API#
SCENIC+ object#
Preprocessing#
SCENIC+ semi-automated workflow using wrapper functions#
pycistarget wrapper#
Wrapper functions to run motif enrichment analysis using pycistarget
After sets of regions have been defined (e.g. topics or DARs). The complete pycistarget workflo can be run using a single function.
this function will run cistarget based and DEM based motif enrichment analysis with or without promoter regions.

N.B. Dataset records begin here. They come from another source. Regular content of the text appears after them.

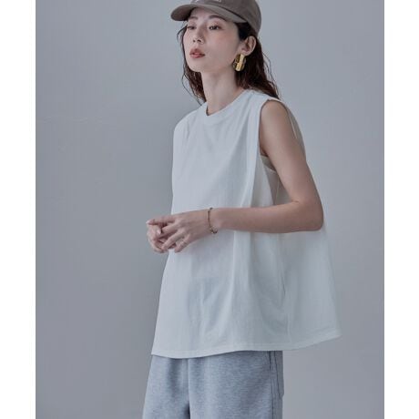 etoll. エトル 立体的なタックデザインが様になるスリーブレスTシャツ。
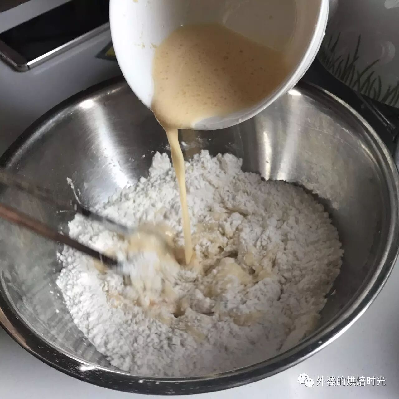 step 2:分次加入面粉中,边倒边搅拌。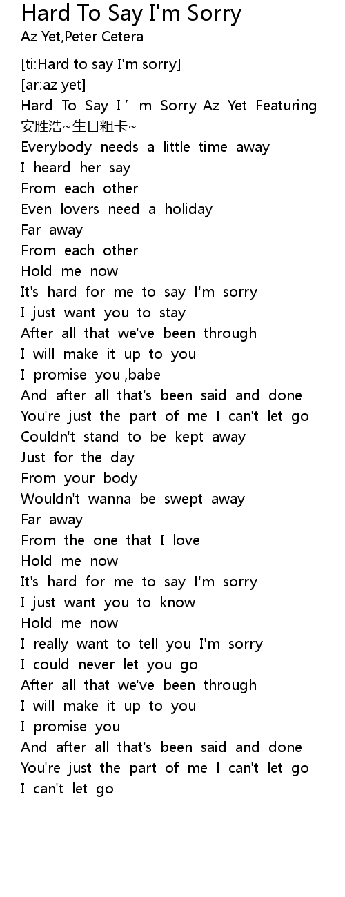 | [00:03.880] | Hard To Say I ’m Sorry_Az Yet Featuring |

- scenicplus.wrappers.run_pycistarget.run_pycistarget(region_sets: Dict[str, PyRanges], species: str, save_path: str, custom_annot: DataFrame | None = None, save_partial: bool = False, ctx_db_path: str | None = None, dem_db_path: str | None = None, run_without_promoters: bool = False, biomart_host: str = 'http://www.ensembl.org', promoter_space: int = 500, ctx_auc_threshold: float = 0.005, ctx_nes_threshold: float = 3.0, ctx_rank_threshold: float = 0.05, dem_log2fc_thr: float = 0.5, dem_motif_hit_thr: float = 3.0, dem_max_bg_regions: int = 500, annotation: List[str] = ['Direct_annot', 'Orthology_annot'], motif_similarity_fdr: float = 1e-06, path_to_motif_annotations: str | None = None, annotation_version: str = 'v9', n_cpu: int = 1, _temp_dir: str | None = None, exclude_motifs: str | None = None, exclude_collection: List[str] | None = None, **kwargs)[source]#
Wrapper function for pycistarget
- Parameters:
region_sets (Mapping[str, pr.PyRanges]) – A dictionary of PyRanges containing region coordinates for the region sets to be analyzed.
species (str) – Species from which genomic coordinates come from, options are: homo_sapiens, mus_musculus, drosophila_melanogaster and gallus_gallus.
save_path (str) – Directory in which to save outputs.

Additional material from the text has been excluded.